### What needs to be done
Retype the listing exactly as it stands, and keep every image out.

### Information provided
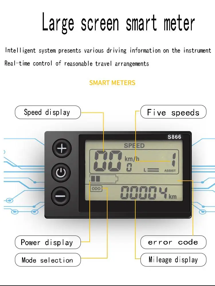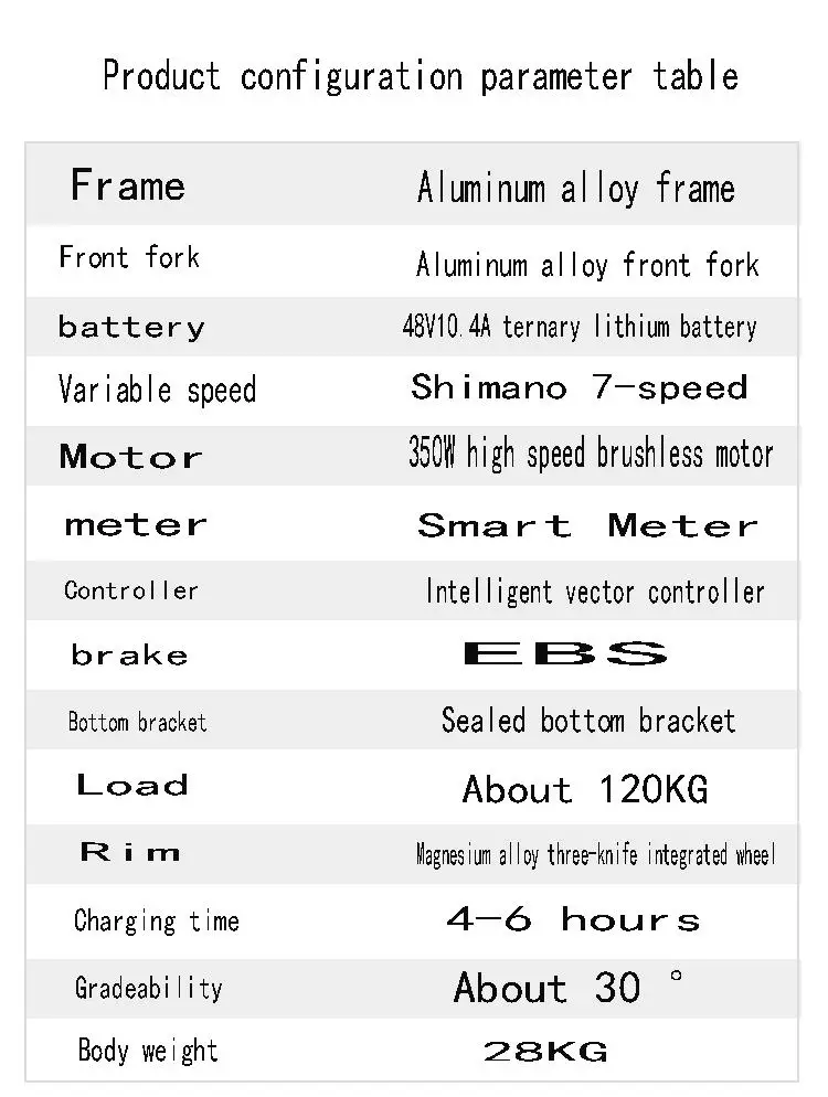 Рамка 20 дюймов алюминиевый сплав рама Передняя вилка Алюминиевые плечевые железные ножки механически блокируют переднюю вилку Нижний Кронштейн Герметичный вал Зубчатая пластина Шестеренная пластина Haomeng 48T Переменная скорость 7SP Педаль Алюминиевая педаль Двигатель 48v250w / 500W / 800W зубчатый бесщеточный мотор Аккумулятор Встроенный Внутренний сердечник 48V 10Ah / lg12.8ah Шина CST20 "* 4,0 Метр S866 жидкокристаллический инструмент Мощность Пятиступенчатая мощность Тормоз Механический дисковый тормоз, тормоз Коробка передач Tx50r палец тянуть, tz500 назад тянуть Прочие Функции Роговой светильник, задний светильник, круиз-контроль, зарядка мобильный телефон кронштейн Вес нетто 28 кг Расстояние выносливости
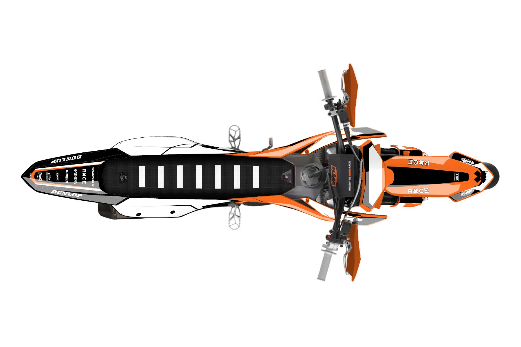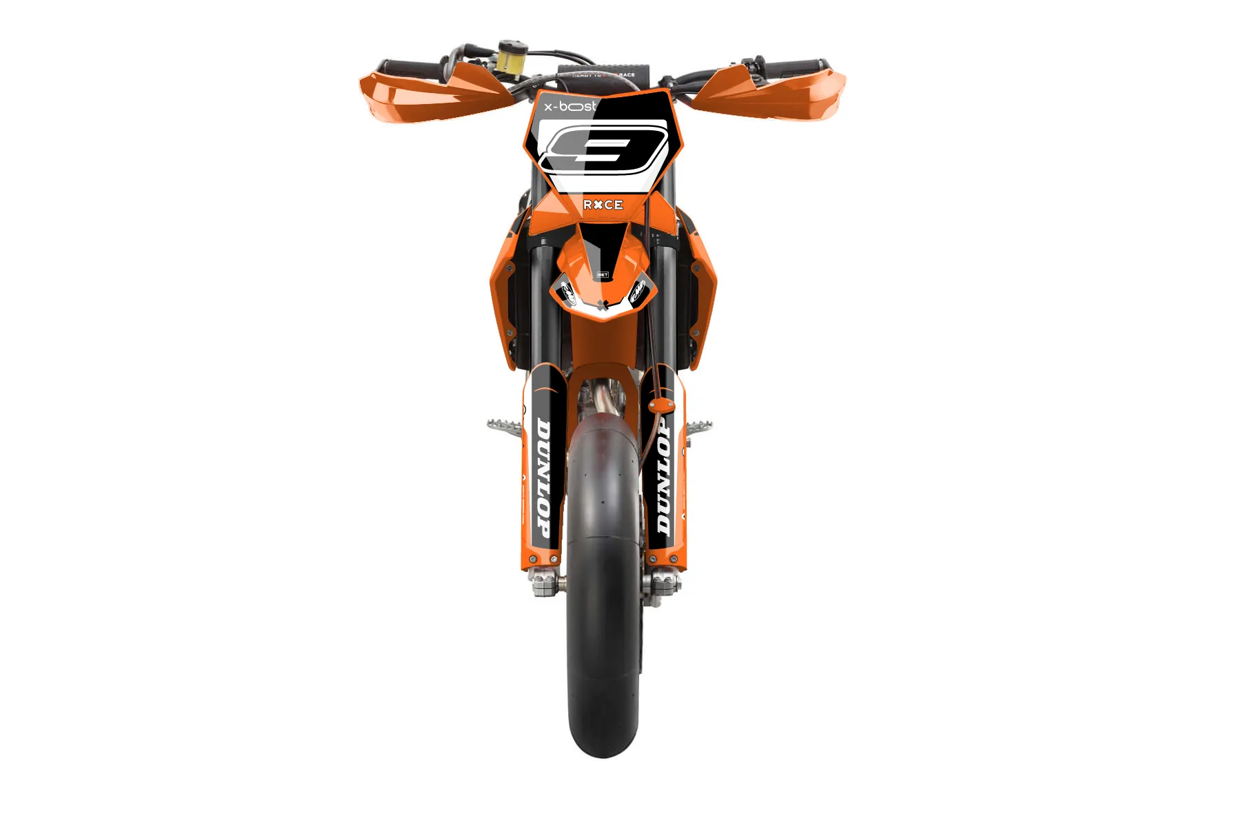 «Spotlight» — готовый комплект графики серии Flow для KTM Supermoto KTM SMR 450 2025. В комплекте: графика на бак и боковые облицовки, крылья (переднее и заднее), передний щиток, номерные таблички, защита вилки. Материал: ПВХ-винил 80 мкр с холодной ламинацией 300 мкр, общая толщина 380 мкр; покрытие глянцевое или матовое на выбор. Устойчив к UV-излучению, воде, бензину и мойке высокого давления. Клей акриловый на сольвентной основе — постоянный, для гибких пластиков. На простых поверхностях монтируется без нагрева; для сложных изгибов рекомендуем фен. Этот пресет можно заказать как есть или взять за основу в конструкторе: поменять цвета, добавить стартовый номер и свой бренд. Производство — 3–5 рабочих дней, доставка по России СДЭКом или Почтой, по СНГ — курьерскими службами.
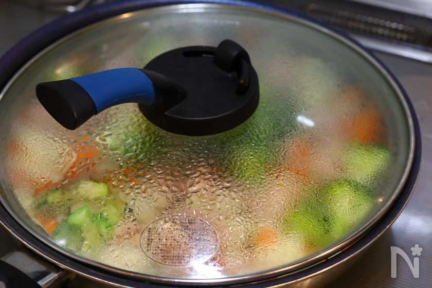(4) フライパンで蓋をして弱火で10分蒸し焼きにする。

### Result below
 Рамка 20 дюймов алюминиевый сплав рама Передняя вилка Алюминиевые плечевые железные ножки механически блокируют переднюю вилку Нижний Кронштейн Герметичный вал Зубчатая пластина Шестеренная пластина Haomeng 48T Переменная скорость 7SP Педаль Алюминиевая педаль Двигатель 48v250w / 500W / 800W зубчатый бесщеточный мотор Аккумулятор Встроенный Внутренний сердечник 48V 10Ah / lg12.8ah Шина CST20 "* 4,0 Метр S866 жидкокристаллический инструмент Мощность Пятиступенчатая мощность Тормоз Механический дисковый тормоз, тормоз Коробка передач Tx50r палец тянуть, tz500 назад тянуть Прочие Функции Роговой светильник, задний светильник, круиз-контроль, зарядка мобильный телефон кронштейн Вес нетто 28 кг Расстояние выносливости
 «Spotlight» — готовый комплект графики серии Flow для KTM Supermoto KTM SMR 450 2025. В комплекте: графика на бак и боковые облицовки, крылья (переднее и заднее), передний щиток, номерные таблички, защита вилки. Материал: ПВХ-винил 80 мкр с холодной ламинацией 300 мкр, общая толщина 380 мкр; покрытие глянцевое или матовое на выбор. Устойчив к UV-излучению, воде, бензину и мойке высокого давления. Клей акриловый на сольвентной основе — постоянный, для гибких пластиков. На простых поверхностях монтируется без нагрева; для сложных изгибов рекомендуем фен. Этот пресет можно заказать как есть или взять за основу в конструкторе: поменять цвета, добавить стартовый номер и свой бренд. Производство — 3–5 рабочих дней, доставка по России СДЭКом или Почтой, по СНГ — курьерскими службами.
(4) フライパンで蓋をして弱火で10分蒸し焼きにする。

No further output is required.